**Directions for this task**
Would you transcribe exactly the lines from the one containing "Medtronic Top 3 Booster" to the last line of the data below, both ends included, but none of the pictures?

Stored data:
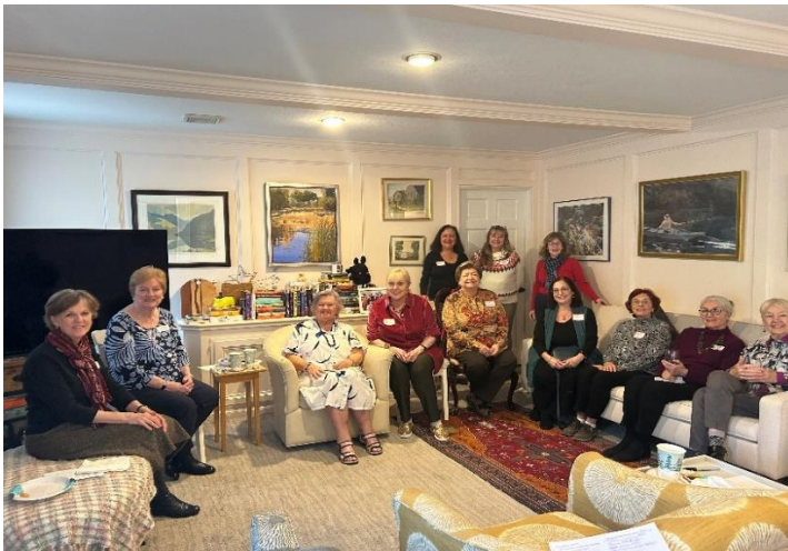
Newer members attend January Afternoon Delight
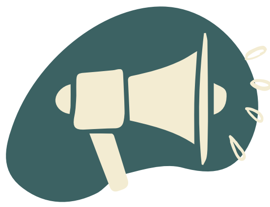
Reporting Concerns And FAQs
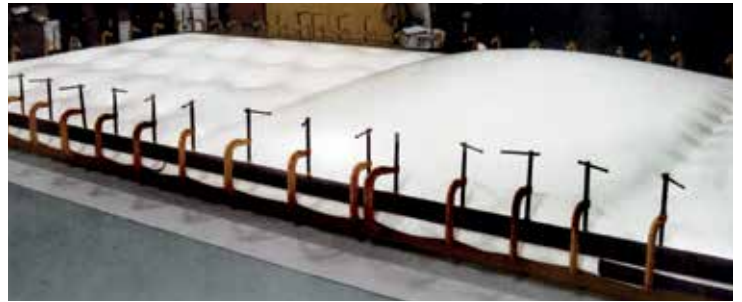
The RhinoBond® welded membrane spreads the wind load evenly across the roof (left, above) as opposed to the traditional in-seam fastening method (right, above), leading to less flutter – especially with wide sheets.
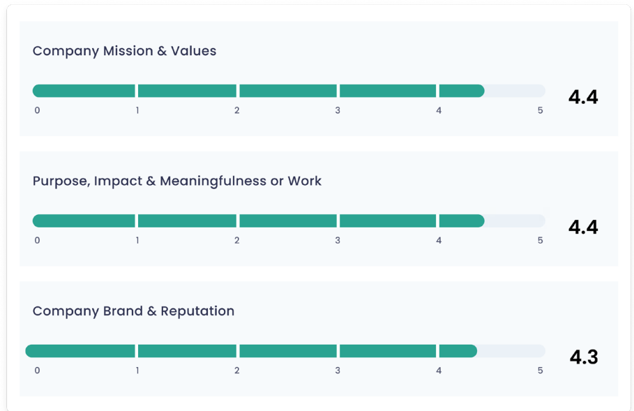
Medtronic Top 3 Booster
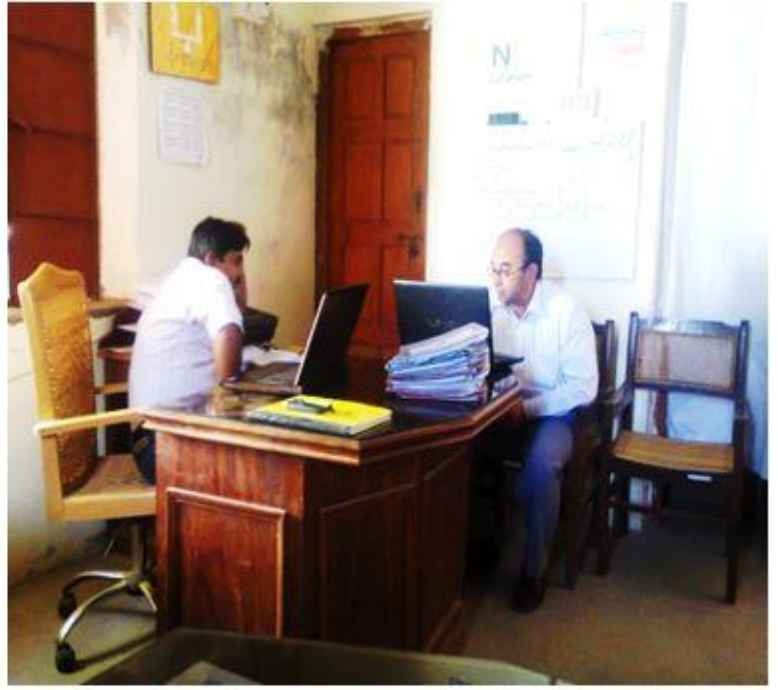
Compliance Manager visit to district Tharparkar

**Output for this exercise**
Medtronic Top 3 Booster
Compliance Manager visit to district Tharparkar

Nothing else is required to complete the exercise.